Mitigating actions: One possible method to overcome this personality flaw is to orchestrate debate and dissent among employees, and avoid working with “yes” people. Another method is to work toward building diverse teams comprising people with different backgrounds, perspectives, expertise and working styles.

Chronically certain leaders should also consider immersing themselves in external developments such as studying consumer behavior and technology innovation. Additionally, they should explicitly ask team members for their views and opinions before going in for meetings, making it clear to them that disagreement is acceptable. 

The insecure leader – Typical hallmarks of an insecure leader are self-doubt and anxiety. They are constantly worried about what others think of them and anxiously expect to fall short. Even though they try to mask these deeper feelings by putting on a game face or by being overly accommodating and nice to others, they can still have a harmful effect on the decision-making process. 

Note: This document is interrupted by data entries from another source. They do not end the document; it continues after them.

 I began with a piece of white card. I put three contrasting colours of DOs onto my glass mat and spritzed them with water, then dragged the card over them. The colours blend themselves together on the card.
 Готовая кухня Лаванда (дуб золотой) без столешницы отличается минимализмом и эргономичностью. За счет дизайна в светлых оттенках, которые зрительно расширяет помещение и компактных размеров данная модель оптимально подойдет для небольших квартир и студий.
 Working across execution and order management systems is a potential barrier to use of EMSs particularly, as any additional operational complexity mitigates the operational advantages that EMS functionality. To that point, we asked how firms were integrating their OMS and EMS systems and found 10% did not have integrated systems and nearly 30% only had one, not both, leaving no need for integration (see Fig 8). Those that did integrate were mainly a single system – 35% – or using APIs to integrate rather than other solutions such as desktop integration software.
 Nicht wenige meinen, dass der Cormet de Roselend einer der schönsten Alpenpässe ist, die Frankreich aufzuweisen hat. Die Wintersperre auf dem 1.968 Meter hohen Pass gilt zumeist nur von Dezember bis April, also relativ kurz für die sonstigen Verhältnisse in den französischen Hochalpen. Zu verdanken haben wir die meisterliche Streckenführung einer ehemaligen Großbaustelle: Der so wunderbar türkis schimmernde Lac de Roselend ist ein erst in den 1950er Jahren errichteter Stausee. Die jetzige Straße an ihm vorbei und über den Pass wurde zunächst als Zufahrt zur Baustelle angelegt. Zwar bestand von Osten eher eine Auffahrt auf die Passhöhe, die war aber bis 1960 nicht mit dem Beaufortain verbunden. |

Such leaders are often taken advantage of by other aggressive leaders who cajole them into saying “yes” to every idea they’re offered. And because they are afraid to fail, most of their decisions are based on endless mitigation efforts for risks only they can see, despite any past learnings and experiences.

Mitigating actions: Insecure leaders should try to get to the heart of their fears with the help of an executive coach or therapist, or look at past successes so as to get a handle on insecurities. Instead of agonizing over impending doom, they should make use of reliable data to build realistic scenarios about the numerous potential outcomes of various strategies and decisions. Insecure leaders should also work toward reframing their conversations into opportunities. 

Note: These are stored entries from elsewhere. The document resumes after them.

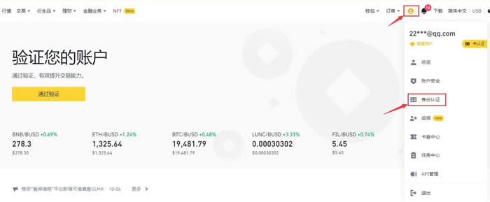 4.登录币安账户,在首页【用户中心】--【身份认证】进行身份认证,在该页面可以查看当前认证级别,它决定了您的账户在币安的交易限额。如需提升额度,请依次完成各个级别的身份认证。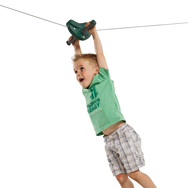Vaijeriliukuun on saatavilla lisävarusteena köysiradan istuin, jolla lapsi voi nauttia hauskan rennosta matkasta köysiradan päästä päähän istuen.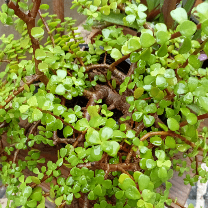 雨の中のポーチュラカリア・アフラ(ヒスイの植物)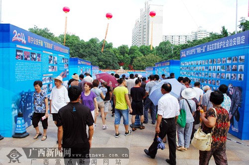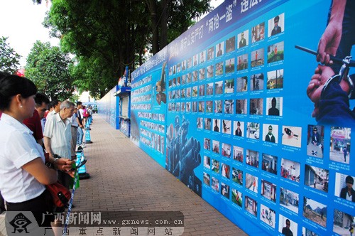 市民在南寧市朝陽廣場觀看南寧公安打擊違法犯罪成果展示。廣西新聞網記者 潘曉明 攝
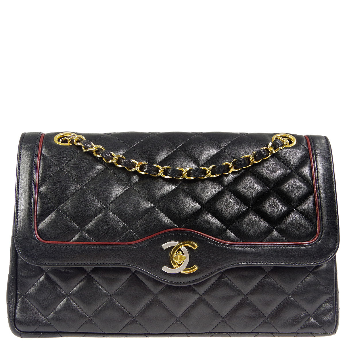 | Chanel Paris Limited Double Flap Medium Chain Shoulder Bag Black Bordeaux Lambskin | |
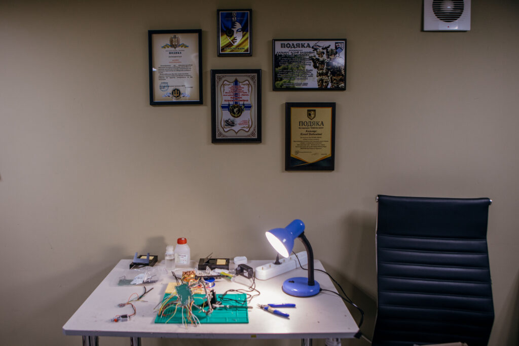 In the piloting course, she was the only female out of her 70 other comrades, whom she describes as tough guys who had liberated the eastern Kharkiv and Kherson regions. Upon completing the course, she has continued cultivating relationships with instructors there. They test and provide vital feedback on Klyn drones, which Kalmus and her team directly implement into their next batch. “The military really needs drones,” she says from the basement workshop. “I have close people in my life, including my brother, who need drones.”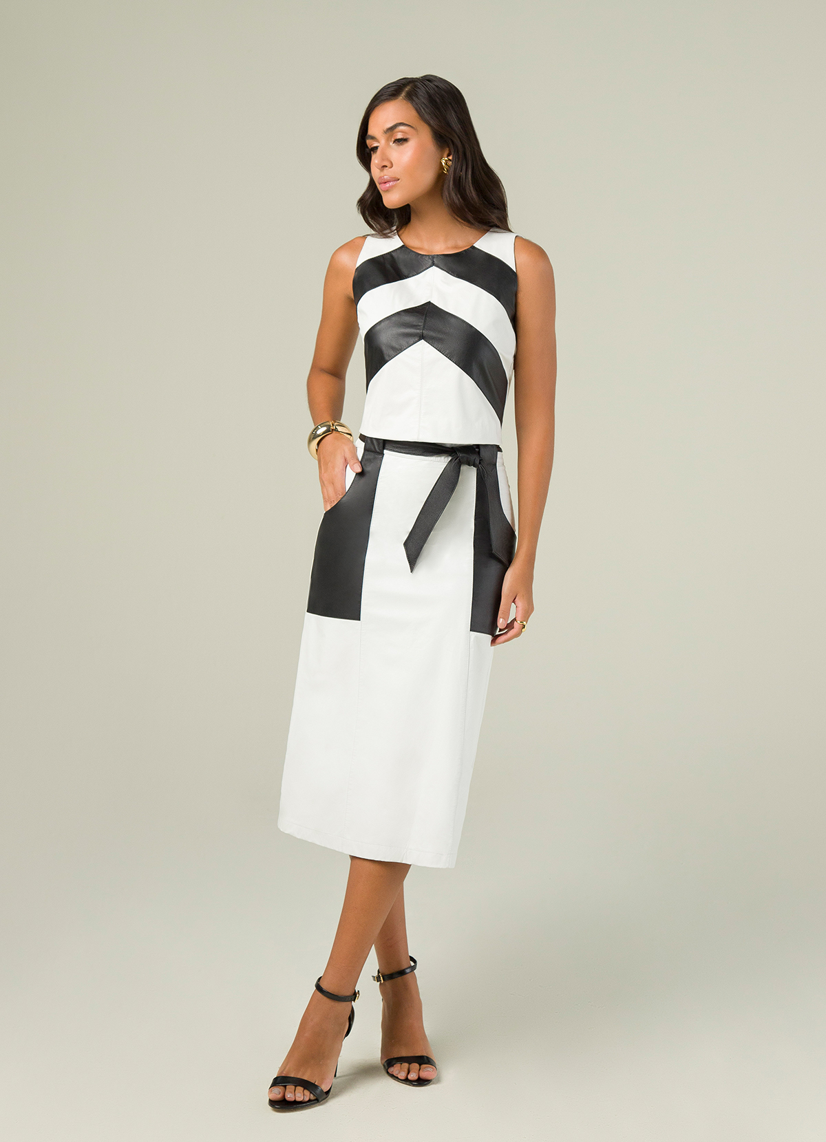 Conjunto Cropped Elen e Saia Bianca Bicolor em PU Sintético Premium

The impulsive leader – Impulsive leaders crave the adrenaline rush of pioneering what’s not been done yet. To achieve that, they exhaust their organizations, overcommit resources and overpromise to customers and shareholders. 

They are often found making hyperbolic declarations that throw their staff members into frenzies of short-lived excitement. This wanes once the employees catch on to their pattern of abandoning last week’s big idea to pursue the latest fad. 

Mitigating actions: Impulsive leaders should consider including time and data into their strategic decisions to test ideas before acting on them. They should also work toward building extra discipline into their strategy process and allow other disciplined leaders to run it. Such leaders must be extra vigilant about the inherent risks and resource requirements associated with their ideas.